At the end of the story, Roger pays to the wizard and goes to play with other animals until it’s time for his father to come home. One day when Jack begins the Saturday story he explains that this time Roger ‘the skunk’ is the hero of the story. Inspired by Jo’s suggestion and by his own memories of being bullied as a child Jack cooks up a story about Roger Skunk who smelled very bad that no one wanted to play with him.
Jo was aware of the pattern that her father followed while narrating the story and she becomes more intent on controlling the direction of the narrative. Jack wished to finish his story so that he could help his six-month pregnant wife Clare downstairs painting the room who should not be doing manual work or heavy lifting. Jack asks Jo to stop interrupting and trying to control the plot and fall asleep.
He explains that Roger Skunk goes to Owl who further sends him to a wizard who performs a magic spell. Jo questions in between if magic spells are real. Jack does not have a suitable answer for this and he continues with the story that the wizard performs a spell on Roger Skunk to make him smell like roses.
Jack feels that Jo is losing interest in the story since her face looked the way like his wife does when she is pretending to be interested in his cocktail party discussion. Jo grows impatient as the story ibis about to come to an end and because Jack dislikes this behavior he changes the structure of the story to have her interest back to the story.
He tells Jo that when Roger Skunk returned back to his home his mother was very angry or furious because of the way he smelled. She wanted the wizard to turn the spell back. Jo did not expect this twist and she could not understand why the mother wanted her son to be someone that made other animals run away from him.
She refuses to accept this change in the plot and wants the wizard to refuse to change Roger back and hit his ‘stupid mommy’ over the head with his wand.
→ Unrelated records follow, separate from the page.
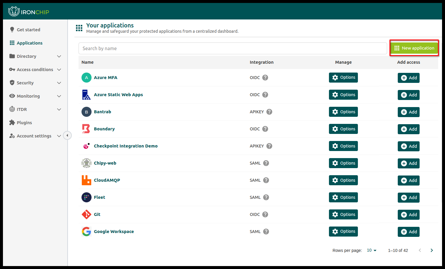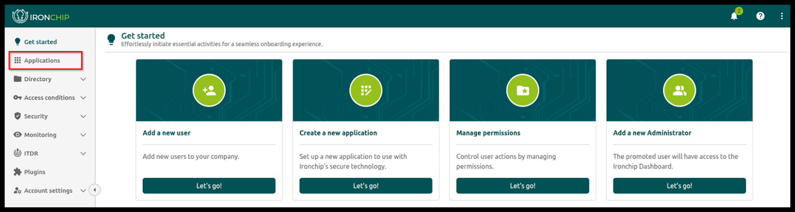 Para empezar con la integración accederemos al panel de Ironchip e iremos al apartado de Aplicaciones.
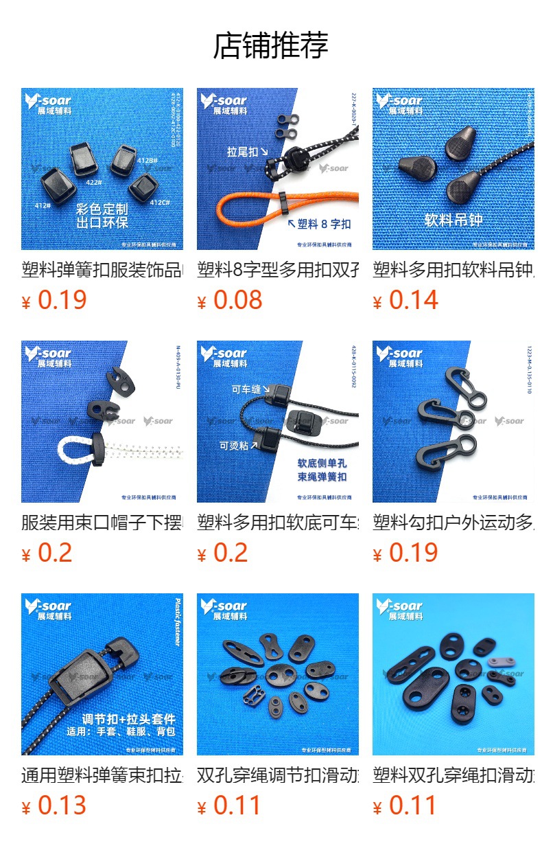 我厂成立于2005年,主营服装箱包辅料、各式塑胶扣具、五金钮扣、织带绳子、魔术贴等产品,是一家拥有模具开发、产品设计、专业生产设备一体化的企业,产品广泛运用,如:户外用品、服装箱包、配饰、医疗配件、文具等…
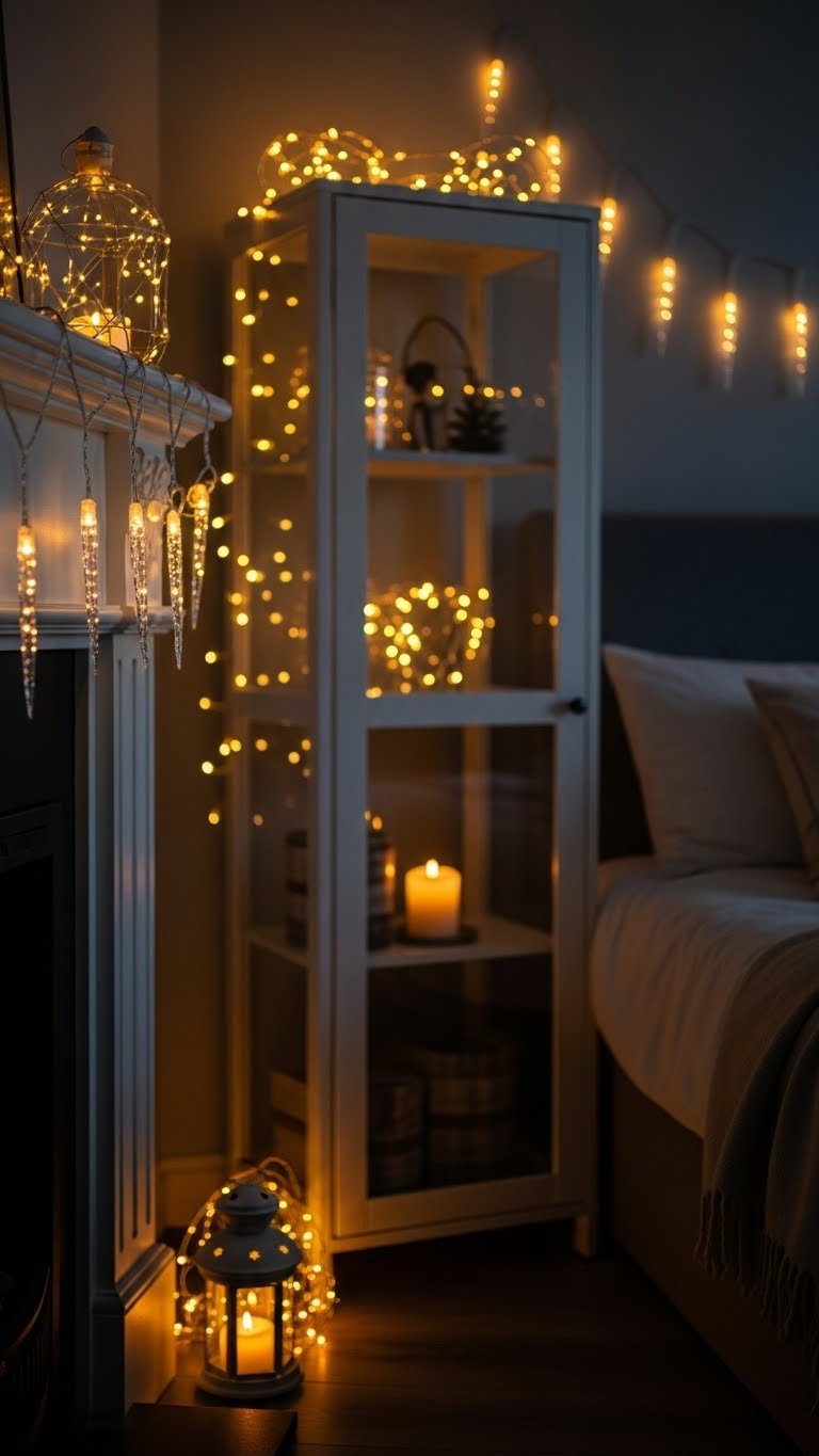 Kick off the year by draping twinkling string lights around unexpected spots—think along mantels, bed headboards, or inside glass-front cabinets—to extend holiday glow into cozy winter nights. You’ll pair warm-white strands with wireframe silhouettes and subtle icicle clusters for layered texture.
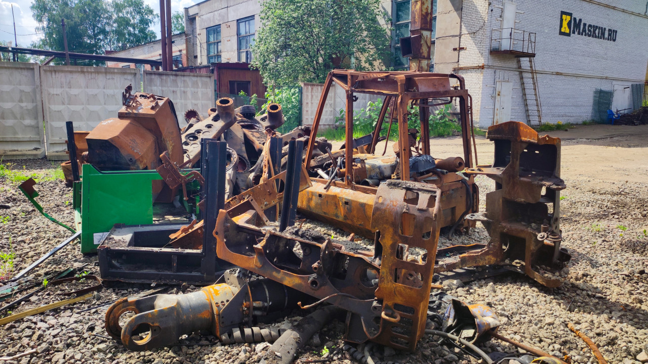 На фотографии изображены крупные фрагменты демонтированной техники, среди которых видна рама кабины, элементы корпусов и металлические детали, лежащие на щебёночном основании. Многочисленные трубки, гидравлические узлы и изношенные механизмы свидетельствуют о разборке тяжёлого оборудования. На заднем плане находятся производственные здания с кирпичными стенами, а также белый промышленный забор, отделяющий площадку. Присутствуют кустарники и деревья, что подчёркивает смешанный характер территории. Снимок подходит для материалов о демонтаже техники, переработке металла, эксплуатации промышленных объектов и истории оборудования.

Jack explained to her that because Roger skunk loved his mother more than the company of any other animal he was better off with his old smell.
After completing the story he asked Jo to go to sleep but Jo asks her father to tell him another story tomorrow where the wizard must hit Roger Skunk mother over the head with his wand.
Jack goes down without answering her and sat on a chair and watched his wife repaint the room. He sees the molding in their house as a cage surrounding him and his wife and he does not feel the desire to help her.